> [Data in this exercise]:
+++

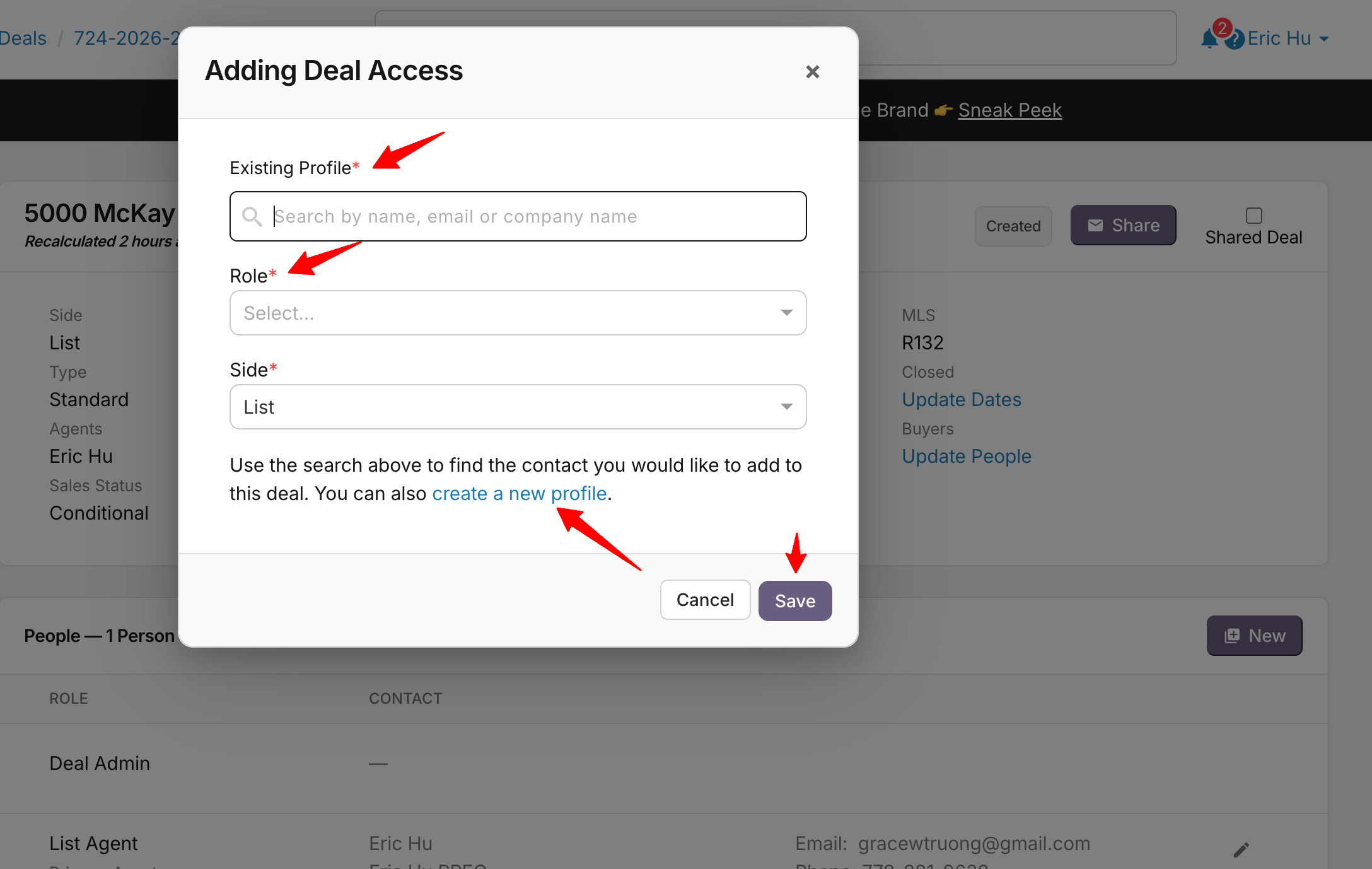 - Select a role. Role options are Sellers, Buyers, Agents, Lawyers, Title company, Escrow, Outside Brokerages, Settlement Company and Development company. If the person doesn't match any of those roles, select Other Profile.
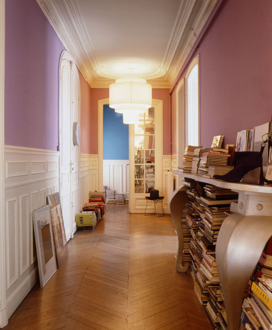 What happens when a creative meets a creative? Definitely something creative! Photographer Enrique Menossi captured shoe designer Rodolphe Menudier‘s Paris apartment and it is boho bliss. Amazing architectural detail married with mid century classics, bold colour and just a touch of creative clutter. Even piles of books look good when they live in a lilac hallway in Paris.
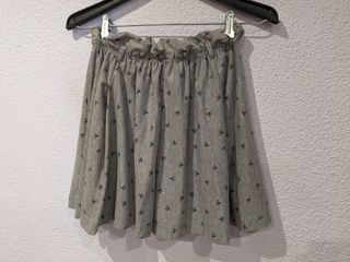 Falda gris claro con estampado de lazitos azules. Tiene un cinturón que se puede quitar. Largo de la falda 40cm aproximadamente. La cintura tiene goma, sin estirar son 30cm y da de si hasta los 42cm aproximadamente. Talla 30/40 Visita mi perfil. Acepto ofertas razonables en todos los artículos. Descuento si compras más de un artículo.
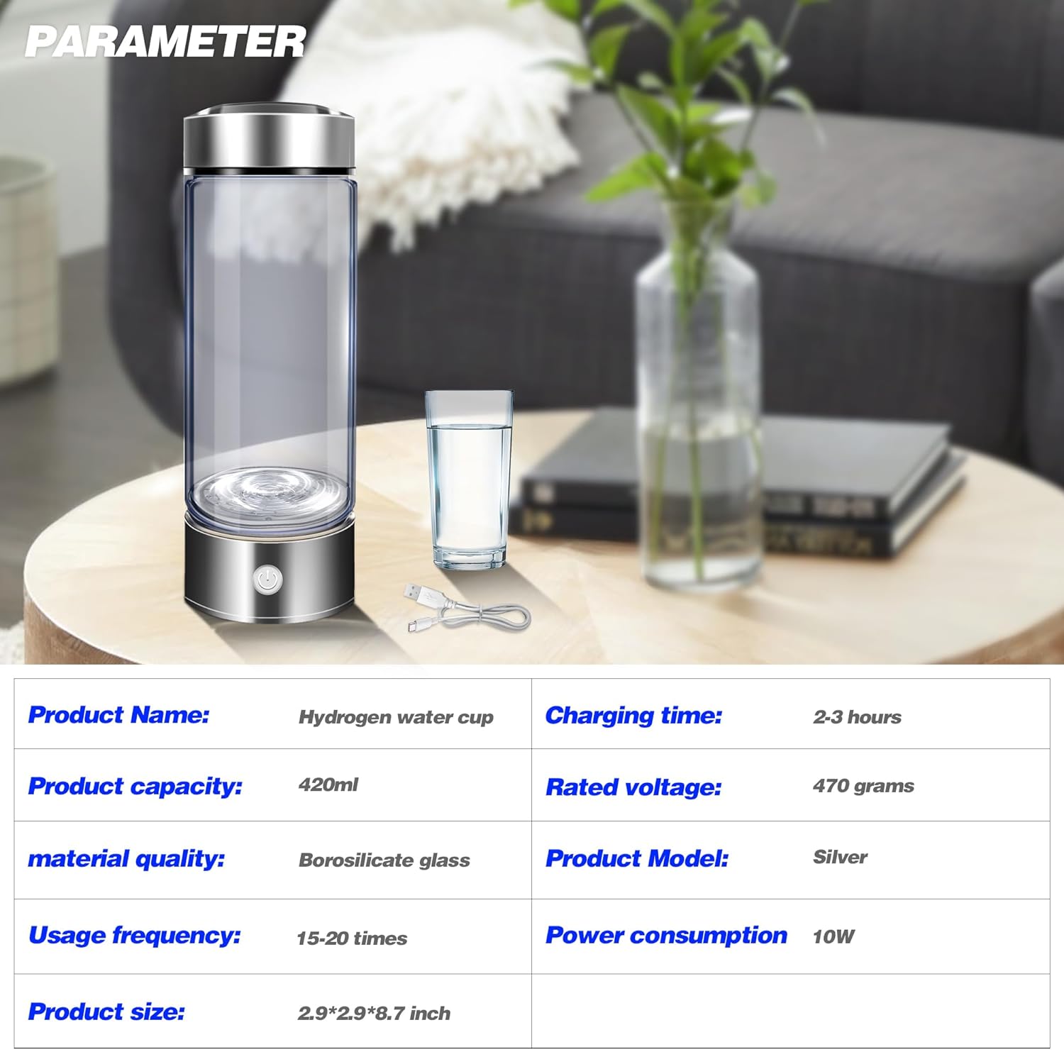 - Simple and stylish design: The bottom of the hydrogen water bottle is equipped with a soft EVE pad, which is stable and non-slip. The USB design allows you to make hydrogen-rich water anytime, anywhere, suitable for office, exercise, travel and other occasions. The large capacity of 420ml meets your health needs.
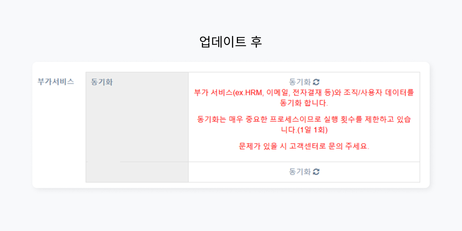 또한, 안정적인 서비스 이용과 동기화 진행을 위해 부가서비스 동기화가 일 1회로 제한됩니다. 동기화 진행 전 변경사항을 충분히 확인하신 후 동기화를 진행해 주세요.
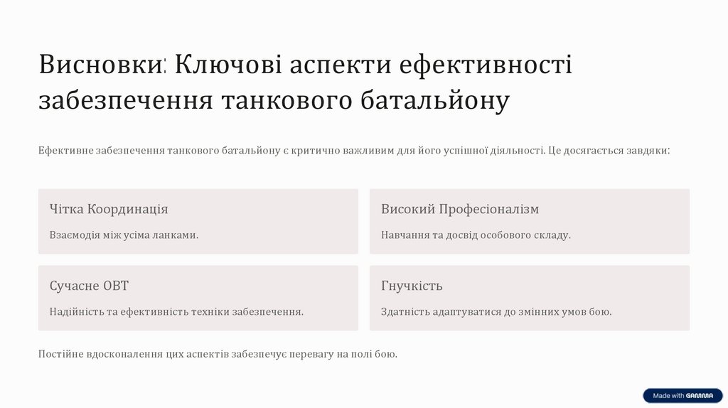 Висновки: Ключові аспекти ефективностізабезпечення танкового батальйону

+++

> [What you should do]:
Leaving out every picture, extract verbatim the lines from the one containing "또한, 안정적인 서비스" through the last line of the listing, inclusive.

> [Response to this task]:
 또한, 안정적인 서비스 이용과 동기화 진행을 위해 부가서비스 동기화가 일 1회로 제한됩니다. 동기화 진행 전 변경사항을 충분히 확인하신 후 동기화를 진행해 주세요.
 Висновки: Ключові аспекти ефективностізабезпечення танкового батальйону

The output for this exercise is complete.